Add the NVIDIA copyright header.

This file is missing the required NVIDIA copyright header with the year of latest meaningful modification (2026). Please add the standard header used in this repo at the top of the file.
As per coding guidelines, "All TensorRT-LLM source files (.cpp, .h, .cu, .py, and other source files) should contain an NVIDIA copyright header with the year of latest meaningful modification."

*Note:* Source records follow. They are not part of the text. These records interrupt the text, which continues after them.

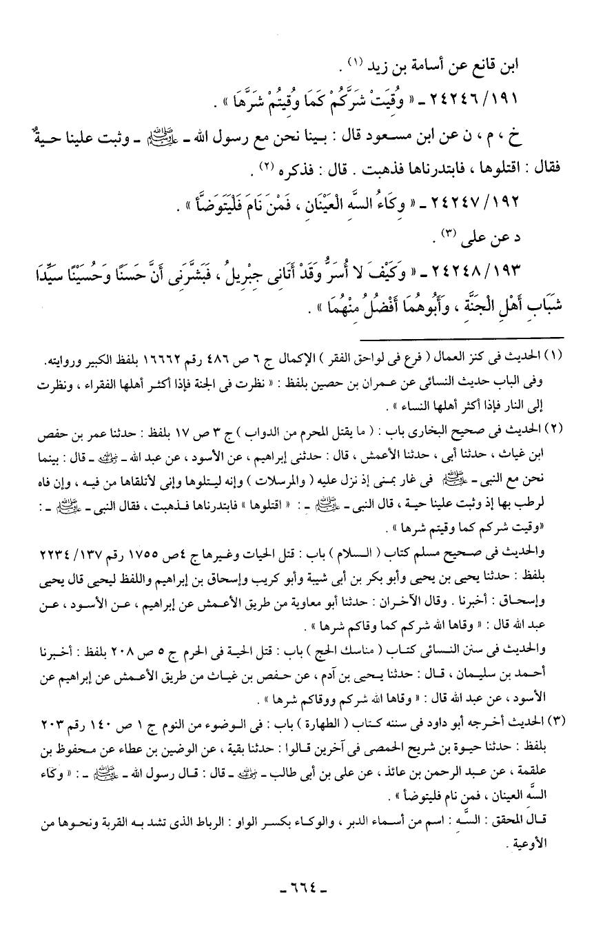 خ، م، ن عن ابن مسعود قال: بينا نحن مع رسول الله - صلى الله عليه وسلم - وثبت علينا حيةٌ فقال: اقتلوها، فابتدرناها فذهبت. قال: فذكره (¬2).
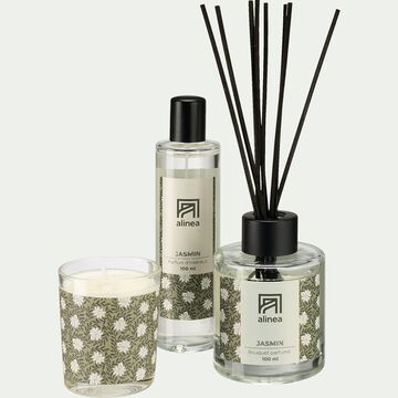 Le coffret Jasmin est composé de trois éléments partageant la senteur du même nom. On retrouve ici une bougie parfumée, un vaporisateur ainsi qu'un bouquet parfumé. Ensemble, ils harmonisent votre intérieur tout en créant une atmosphère douce où règne le bien-être. Le jasmin étoilé, fleur rare que l'on retrouve en Tunisie, se marie subtilement à des notes de fleurs blanches pour une fragrance résolument florale. Baume orientale qui invite à la détente en fin de journée, c'est une escapade olfactive dans les ruelles blanches et bleues de Sidi Bou Saïd qui vous attend. Un coffret à l'odeur chaude et opulente, évoquant les jardins luxuriants de ce monde.
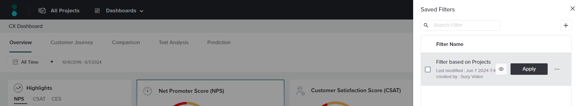 - Projects: Analyze your data based on specific CX projects rather than all CX projects.
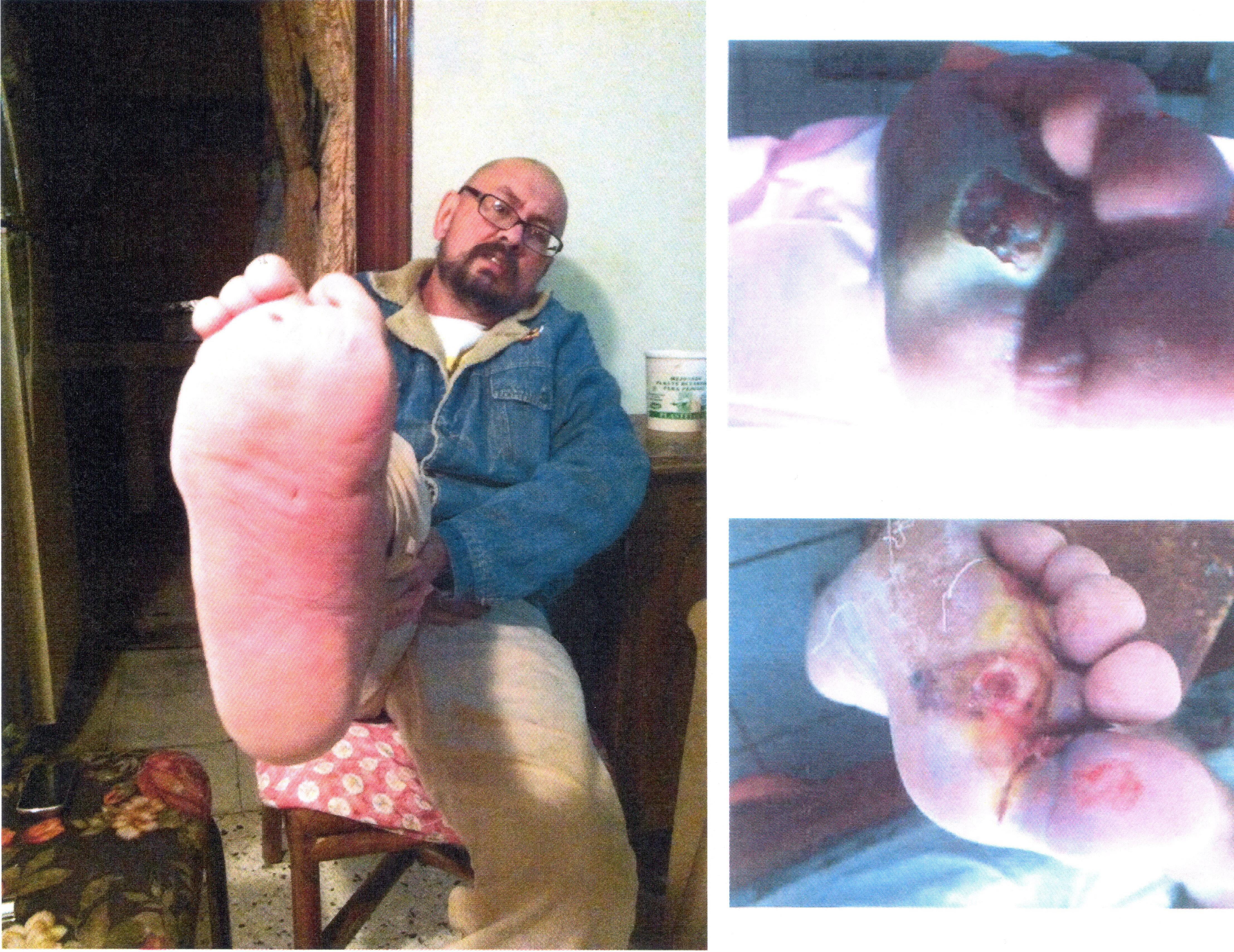 a distancia, poniendo vendas ensangrentadas en una vasija con agua y sulfato ferroso, evitando
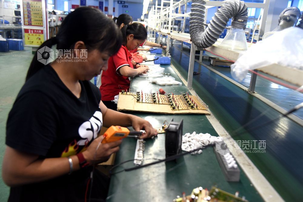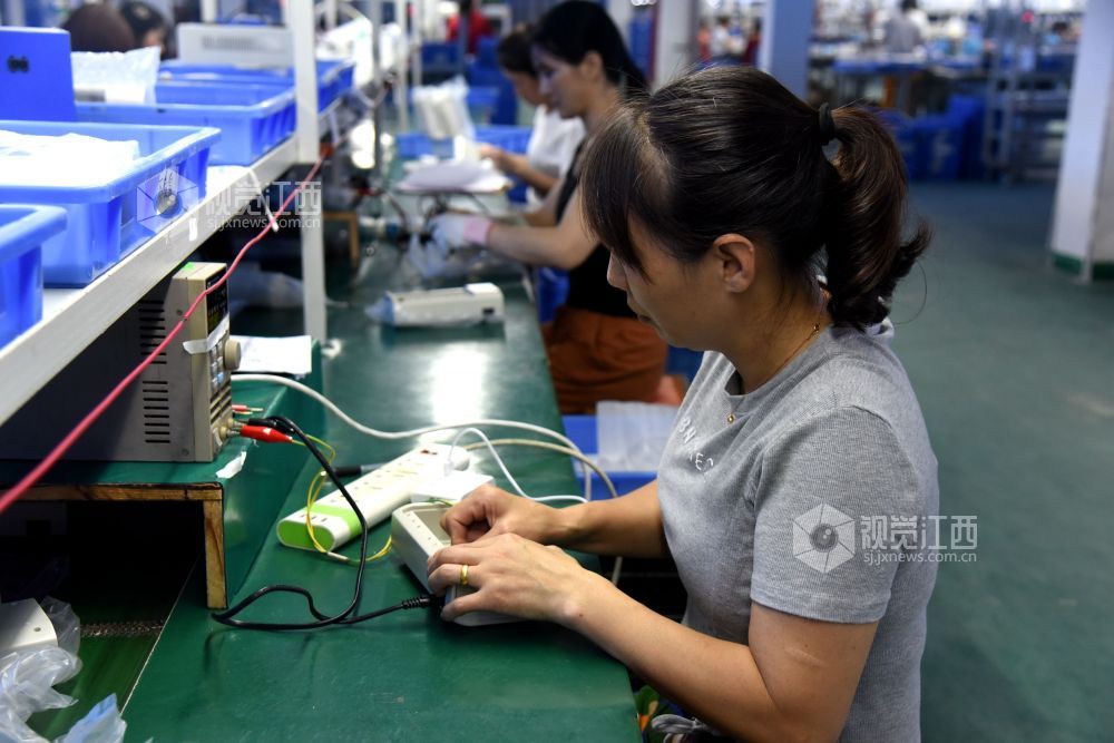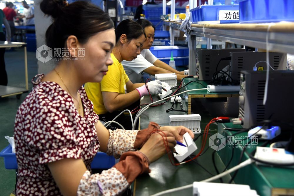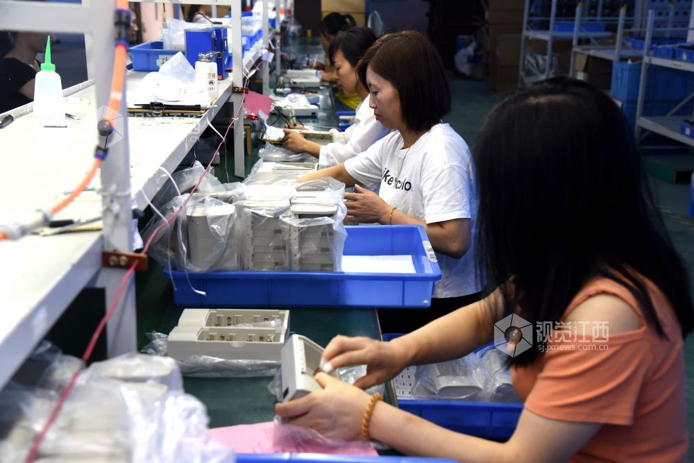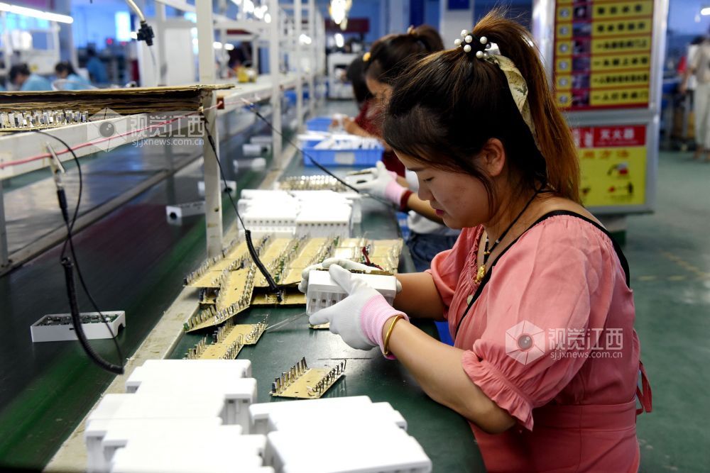 2022年6月16日,落户在江西省抚州市南丰县富溪工业园区的江西佰仕通电子科技有限公司生产车间,工人们正在生产线上赶制出口产品。
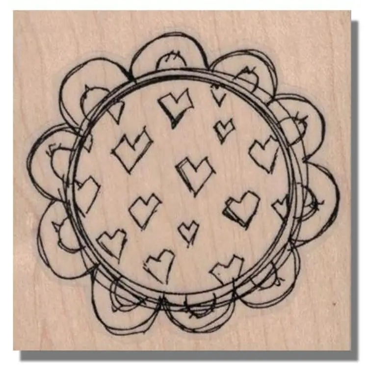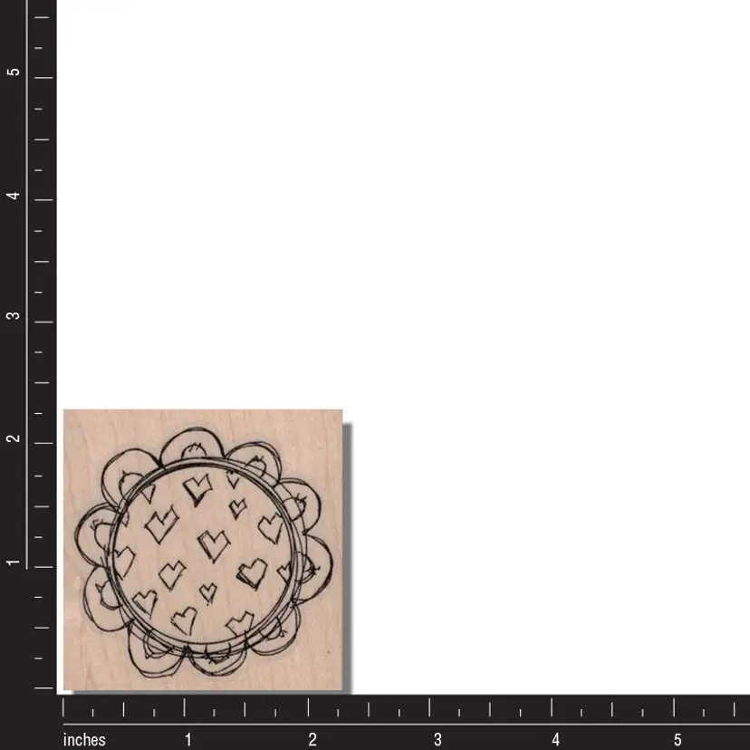 Heart Pattern Circle Rubber Stamp Size: 3 x 4 inches Wood Mounted - Red Rubber Handmade New • Perfect for card making, gift tags, scrapbooking, junk journals, crafting and art projects. • First purchase on District? Use this code for $5 off a $10 min purchase. ALOHAG34
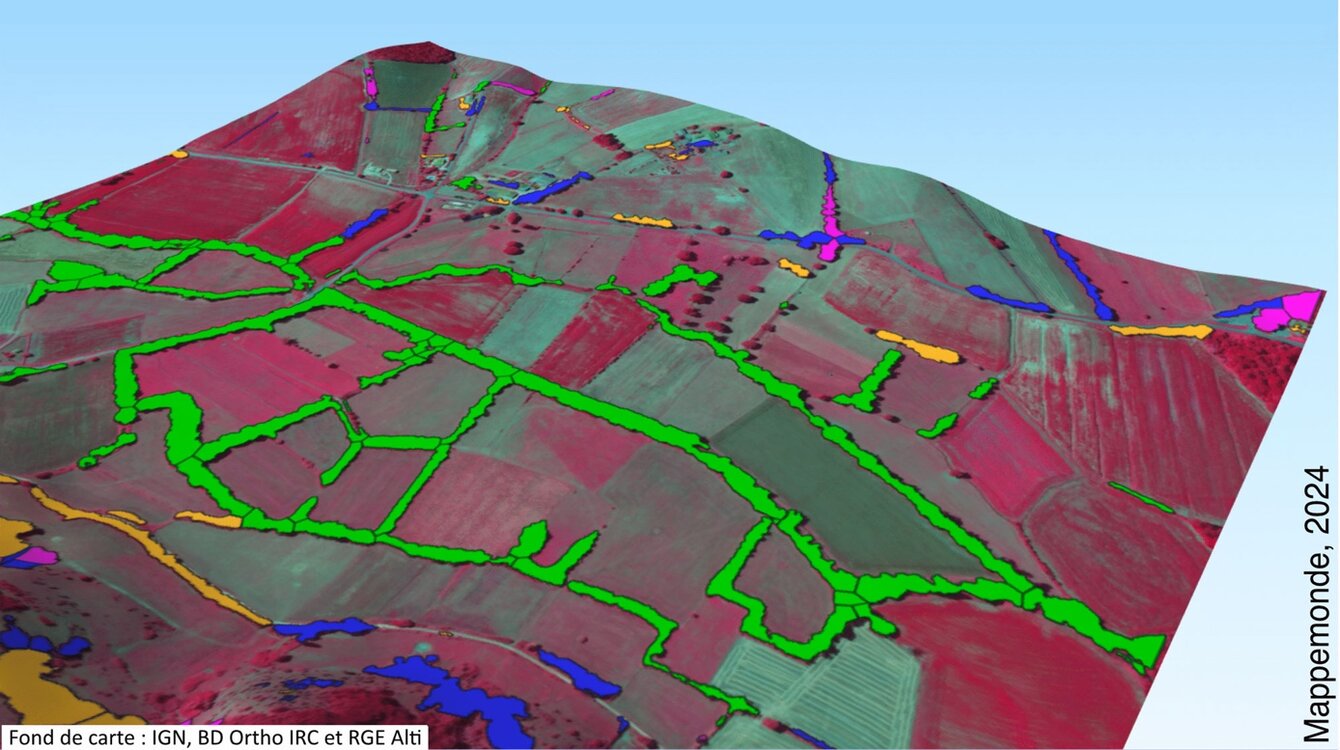La mise à disposition des données IGN, qu’elles soient récentes (LiDAR HD, MNS photogrammétriques) ou anciennes (orthophotographies historiques) ouvrent de nombreuses perspectives pour cartographier les arbres hors forêt et les haies champêtres, évaluer leur multifonctionnalité et suivre leur évolution. Dans cet exposé, nous donnerons à voir « la science en train de se faire » avec des premiers résultats de reconnaissance automatique de la couverture arborée dans les images anciennes par apprentissage profond ainsi qu’une illustration d’indicateurs LiDAR pour rendre compte de la structure des haies et leur diversité. Ces travaux s’inscrivent dans le développement d’une boîte à outil spécifique à la caractérisation du bocage - HedgeTools – qui a vocation à centraliser des méthodes pour faciliter l’évaluation de la qualité écologique des haies et les services écosystémiques qu’elles fournissent.
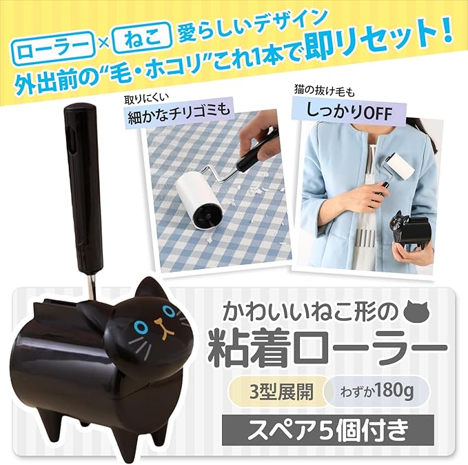 【外出先でも便利に使える】持ち運びしやすいサイズ感なので外出先や職場でも使いやすく、気になった毛やホコリをその場ですぐに取り除けるのが大きなポイントです。 【ねこの毛もスッキリ除去】ねこの抜け毛が気になる衣類や布製品にも粘着力がしっかり働き、毎日の掃除が手間なく簡単にできて清潔な空間を保つことができます。 【カーペットも簡単に掃除】カーペットに絡んだホコリや細かいゴミを巻き取りながら、表面を傷めずに掃除できるため、力を入れなくても快適に作業が続けられます。
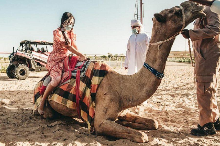 【沙漠衝沙+阿拉伯燒烤BBQ】(送騎駱駝)乘坐四驅吉普車穿越阿拉伯紅色沙丘,專業的衝沙司機帶您體驗沙漠狂飆,如同經歷電影中沙漠戰士的驚險場面。在廣闊無邊的沙漠中,盡情擁抱壯闊的日落,下車拍攝網美照記錄眼前沙漠的震撼景色。您可在沙漠上盡情玩耍,體驗一回獵鷹立在自己手臂上的威武感!(此體驗需自費)在夜幕低垂下,享用豐盛的阿拉伯自助晚餐和美味的燒烤佳餚。同時,觀看阿拉伯特色旋轉舞。營火晚會將是衝沙行程最後的精彩活動Dubai火焰。
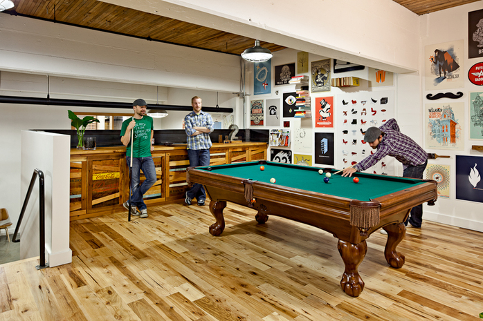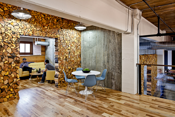 This is a company that knows the importance of a happy and comfortable work environment.The design of this office involves a lot of reclaimed or recycled materials such as old street signs, a salvaged pizza oven and a wood from a barn and a church. But just because they’ve used old materials, doesn’t mean the design has to suffer as the attention to detail and finish is superb, and the mix of raw materials really help it to stand out. To top it all off, the office is finished with a bearskin rug, which is rather suiting I think.
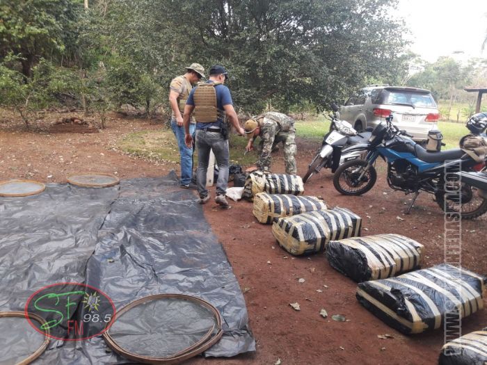 Agentes de la Secretaría Nacional Antidrogas (Senad), oficina Regional No 1 a cargo del agente especial Marcelo Benítez, hallaron un total de 560 kilos de marihuana que estaban enterrados en una fosa en el interior de una vivienda en la colonia Cerro Cora i. El abogado Armando Martín Cantero Fassino, agente fiscal de la Unidad Especializada de Lucha contra el Narcotráfico acompañó el operativo.
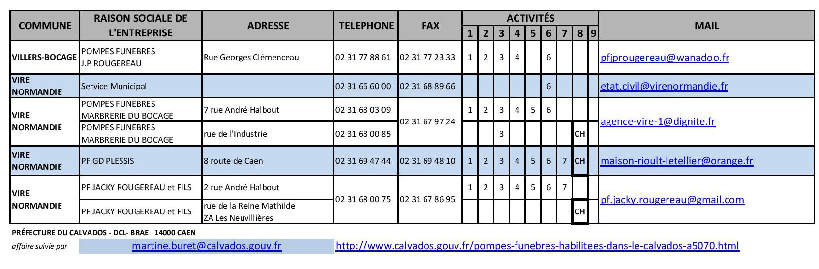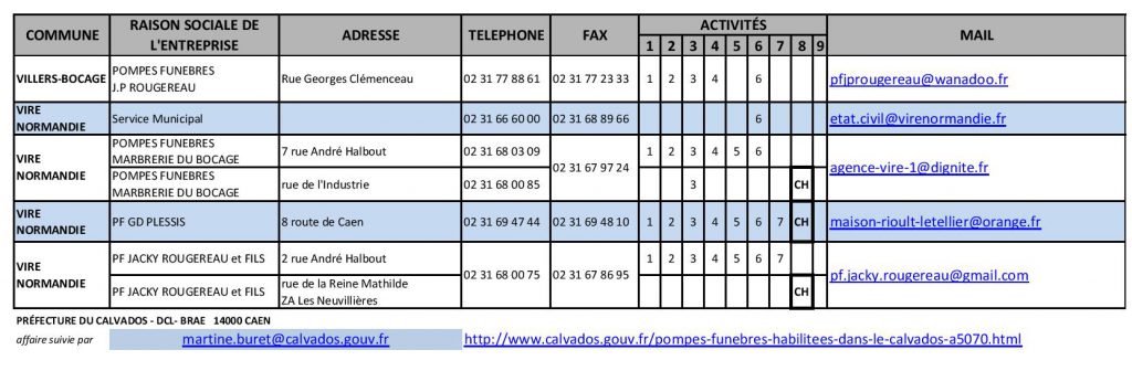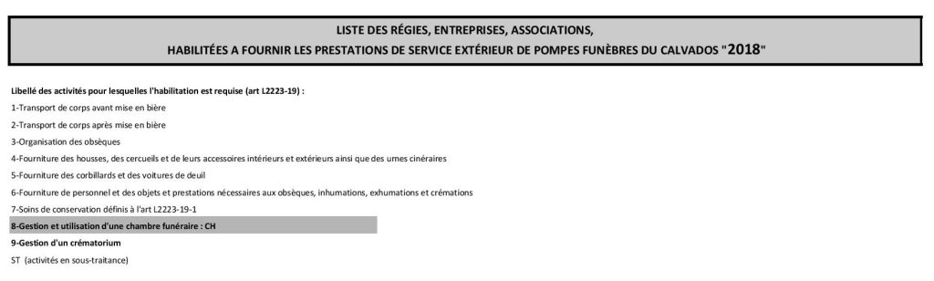LISTE COMPLÈTE DES POMPES FUNÈBRES DU CALVADOS 2018

53-68: ⚠️ Potential issue | 🟡 Minor

Use equality check for HTTP status.

Line 68 uses is for integer comparison, which is identity-based. Use == for value comparison instead.
Proposed fix
-    assert response.status is 200
+    assert response.status == 200

🤖 Fix all issues with AI agents

In `@tensorrt_llm/metrics/collector.py`:
- Line 1: Add the required NVIDIA copyright header (with the latest modification
year) at the very top of this file, above the existing module docstring (the
string """Utilities for Prometheus Metrics Collection."""), so the header
precedes the docstring and contains the standard NVIDIA copyright notice and
year of last meaningful change.
- Around line 116-139: Update the docstring of log_request_metrics_dict to
Google-style: add an Args section describing metrics_dict and list expected keys
(MetricsCollector.labelname_finish_reason as finish reason string,
MetricNames.E2E, MetricNames.TTFT, MetricNames.TPOT,
MetricNames.REQUEST_QUEUE_TIME as floats in seconds), add a Returns section
stating None (metrics are logged to Prometheus), and include a short Note that
metrics are only recorded when MetricsCollector.labelname_finish_reason is
present; keep the existing high-level description and mention that
histograms/counters (histogram_e2e_time_request, histogram_time_to_first_token,
histogram_time_per_output_token, histogram_queue_time_request,
counter_request_success) are updated.
- Around line 89-96: Rename the misspelled metric attribute kv_cahce_hit_rate to
kv_cache_hit_rate wherever defined/used (e.g., in the Gauge creation and any
references), and change truthy checks on cacheHitRate to explicit existence
checks (e.g., cacheHitRate is not None) so zero values are allowed;
additionally, before computing utilization using maxNumBlocks, guard the
division by ensuring maxNumBlocks is truthy/non-zero (or skip/update metric when
maxNumBlocks == 0) when setting kv_cache_utilization. Ensure you update all
references to these symbols (kv_cahce_hit_rate, kv_cache_hit_rate, cacheHitRate,
maxNumBlocks, kv_cache_utilization) consistently.

🧹 Nitpick comments (2)

tensorrt_llm/metrics/collector.py (1)

4-4: Keep typing imports namespaced.

♻️ Suggested refactor

-import time
-from typing import Dict, Union
+import time
+import typing
@@
-    def __init__(self, labels: Dict[str, str]) -> None:
+    def __init__(self, labels: typing.Dict[str, str]) -> None:
@@
-    def _label_merge(self, labels: Dict[str, str]) -> Dict[str, str]:
+    def _label_merge(self, labels: typing.Dict[str, str]) -> typing.Dict[str, str]:
@@
-    def _log_counter(self, counter, labels: Dict[str, str],
-                     data: Union[int, float]) -> None:
+    def _log_counter(self, counter, labels: typing.Dict[str, str],
+                     data: typing.Union[int, float]) -> None:
@@
-    def _log_histogram(self, histogram, data: Union[int, float]) -> None:
+    def _log_histogram(self, histogram, data: typing.Union[int, float]) -> None:
@@
-    def _log_gauge(self, gauge, data: Union[int, float]) -> None:
+    def _log_gauge(self, gauge, data: typing.Union[int, float]) -> None:

As per coding guidelines: Always maintain the namespace when importing Python modules, even if only one class or function from a module is used.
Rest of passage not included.